WHAT THE TASK ASKS - Return the data below exactly, stopping after the line with "Se espera para".

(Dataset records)

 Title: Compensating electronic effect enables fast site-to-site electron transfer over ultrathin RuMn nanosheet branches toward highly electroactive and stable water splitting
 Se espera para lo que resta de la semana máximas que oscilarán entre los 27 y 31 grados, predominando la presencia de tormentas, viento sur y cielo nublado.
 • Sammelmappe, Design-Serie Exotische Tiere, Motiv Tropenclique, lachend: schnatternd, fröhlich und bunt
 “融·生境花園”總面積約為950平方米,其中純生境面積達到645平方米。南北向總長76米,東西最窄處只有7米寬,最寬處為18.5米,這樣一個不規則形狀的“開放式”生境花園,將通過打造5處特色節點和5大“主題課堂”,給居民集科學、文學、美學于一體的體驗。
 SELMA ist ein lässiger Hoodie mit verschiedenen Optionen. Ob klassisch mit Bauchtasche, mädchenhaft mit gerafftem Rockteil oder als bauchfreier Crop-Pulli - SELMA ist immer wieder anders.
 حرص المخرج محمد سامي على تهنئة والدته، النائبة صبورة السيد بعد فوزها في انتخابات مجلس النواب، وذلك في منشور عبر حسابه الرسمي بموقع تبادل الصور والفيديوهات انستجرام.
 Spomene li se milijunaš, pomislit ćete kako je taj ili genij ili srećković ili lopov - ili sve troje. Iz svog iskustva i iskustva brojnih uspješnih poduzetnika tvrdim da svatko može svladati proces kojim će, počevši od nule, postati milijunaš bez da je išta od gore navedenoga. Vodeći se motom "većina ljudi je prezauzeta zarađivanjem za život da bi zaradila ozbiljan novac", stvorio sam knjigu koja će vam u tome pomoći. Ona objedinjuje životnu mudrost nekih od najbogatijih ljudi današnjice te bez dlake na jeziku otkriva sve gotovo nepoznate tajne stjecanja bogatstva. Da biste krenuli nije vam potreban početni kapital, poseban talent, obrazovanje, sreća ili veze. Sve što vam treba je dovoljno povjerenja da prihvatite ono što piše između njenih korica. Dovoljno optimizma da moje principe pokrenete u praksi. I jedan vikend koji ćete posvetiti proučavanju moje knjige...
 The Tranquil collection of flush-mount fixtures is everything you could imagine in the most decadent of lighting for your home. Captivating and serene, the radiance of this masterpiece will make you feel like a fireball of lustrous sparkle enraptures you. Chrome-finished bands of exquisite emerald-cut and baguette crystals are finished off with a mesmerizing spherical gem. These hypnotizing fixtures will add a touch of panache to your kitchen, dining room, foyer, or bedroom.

SOLUTION TO THE PROBLEM -
 Title: Compensating electronic effect enables fast site-to-site electron transfer over ultrathin RuMn nanosheet branches toward highly electroactive and stable water splitting
 Se espera para lo que resta de la semana máximas que oscilarán entre los 27 y 31 grados, predominando la presencia de tormentas, viento sur y cielo nublado.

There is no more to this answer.